Uran Ferizi1, Ignacio Rossi2, Oran Kennedy2, Thorsten Kirsch2, Jenny Bencardino1, and Jose Raya1
1Department of Radiology, New York University School of Medicine, New York, NY, United States, 2Orthopaedic Surgery, New York University School of Medicine, New York, NY, United States
The development of novel treatment strategies that would prevent joint
replacement surgery at young age, as a result of PTOA, is critical. Hours after
non-contact rupture of the anterior cruciate ligament, high concentrations
of PG and type II collagen fragments are found in the synovial fluid. DTI has emerged
as an imaging biomarker that can assess both PG content and collagen
architecture with greater accuracy than T2 or Na imaging. The current interpretation of DTI measurements is that changes
in the level of proteoglycans (PG) affect the mean diffusivity (MD) index from
the DTI, while the collagen structure affects the fractional anisotropy (FA).

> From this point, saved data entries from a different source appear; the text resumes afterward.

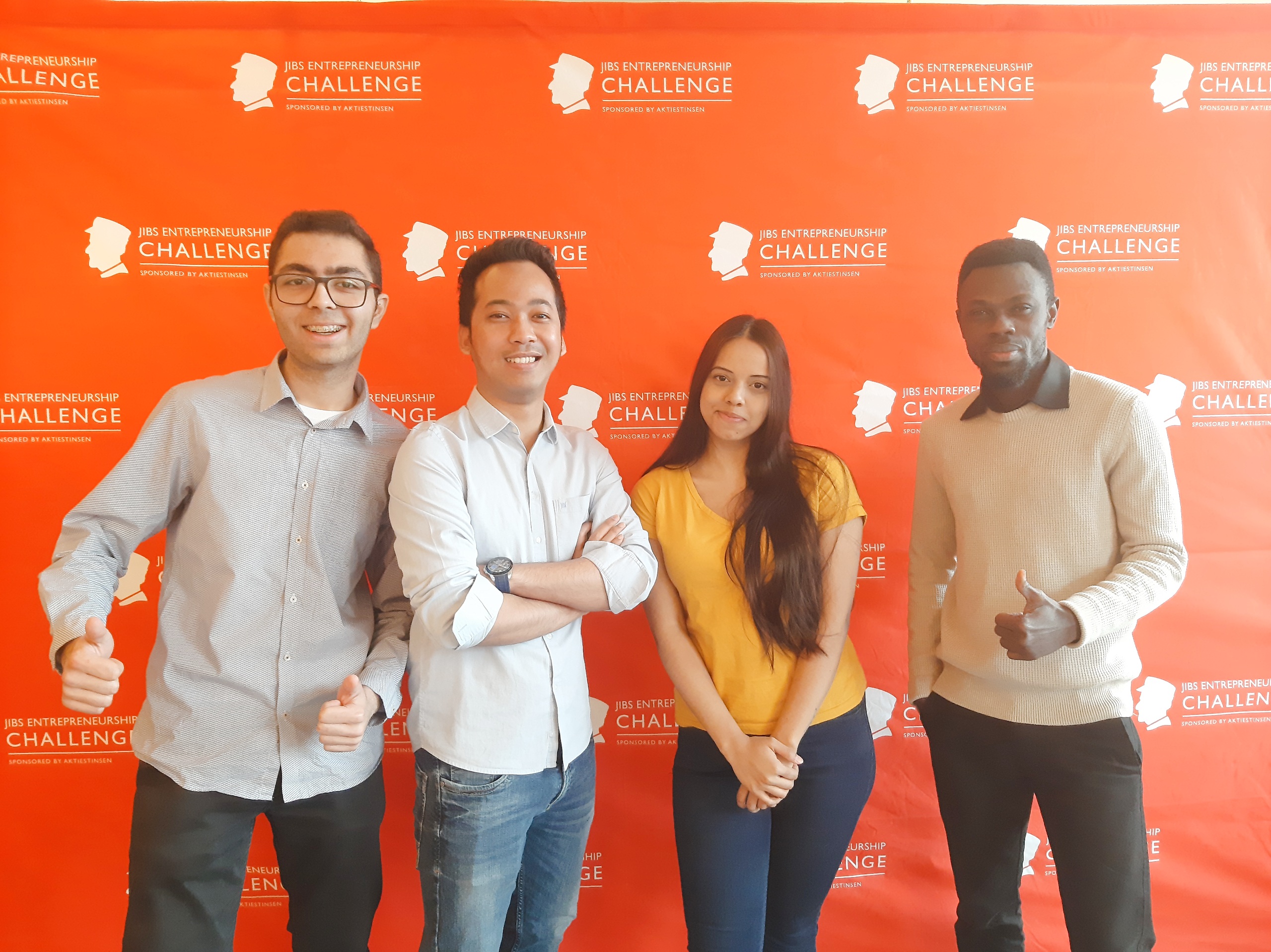 Vinnarna av JIBS Entrepreneurship Challenge 2021, från vänster: Ishaan Chandok, Eko Wahyu Kuncoro, Devika Dileep och Raphael Lauren Owusu. "Vi vill ge bort en del av våra prispengar till välgörenhet, i sann social entreprenörskapsanda,"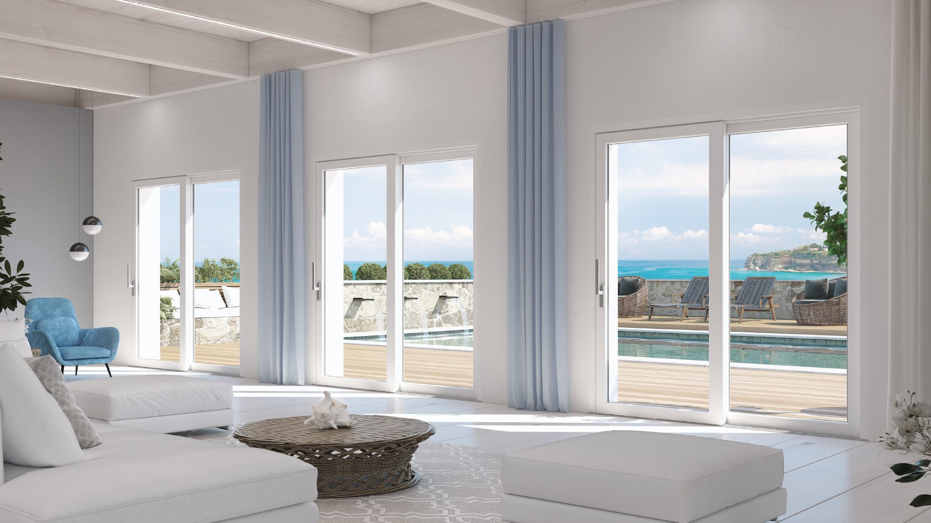 Meridiana è la linea in PVC di alzanti scorrevoli che, con profilo moderno ed essenziale, valorizza la luce, riduce l'impatto visivo e offre grande comfort in ogni ambiente. La versione ZERO elimina l'anta laterale fissa per una massima apertura visiva e continuità tra interno ed esterno.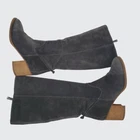 These Blondo knee-high boots offer protection and style with their waterproof suede design. The gray exterior pairs well with various outfits, while the durable construction ensures longevity. A reliable choice for those seeking both fashion and functionality in their footwear. • Side zippers for easy wear • Stacked heel for added height • Smooth interior lining • Rubber sole for grip • Elegant stitching detail Both boots have some peeling to the inner part of the upper boot. Features: • China Size: Womens 8M Condition: Pre-Owned Fair Excellent preowned condition from a pet and smoke free home. All shoes are cleaned and sanitized prior to selling. There is peeling to the inner part of the upper boot. Please refer to pictures for condition. All offers considered!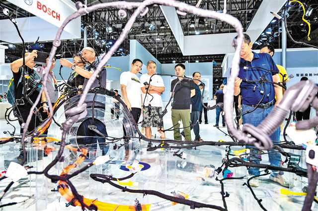 9月5日,重庆国际博览中心,观众在智博会上观看新能源汽车的“血脉”——全车线束结构。记者 崔力 摄/视觉重庆 |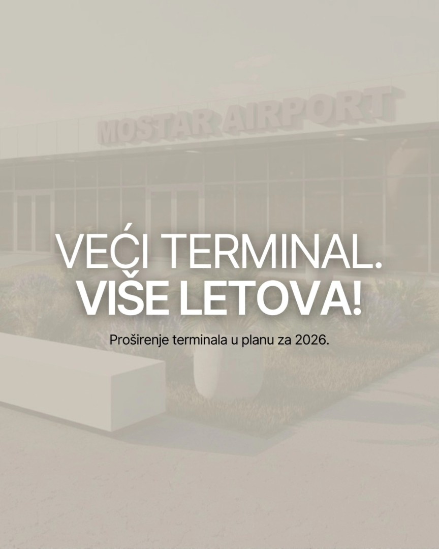 Aerodrom Mostar planira proširenje terminalne zgrade kako bi odgovorila na rastući broj putnika i sve veći interes aviokompanija, izvijestili su u utorak iz mostarskog aerodroma.

This study examines the feasibility of DTI, by using biomechanics for
simulating a controlled cartilage damage. We find that DTI metrics are sensitive to the early changes in the cartilage
as a result of injury. Specifically, the correlations of the mean diffusivity (MD) are statistically significant,
but those of fractional anisotropy (FA) are not. The additional validation with histology, as well as a clinical
scanning environment make these results important in the translation of DTI to clinical practice.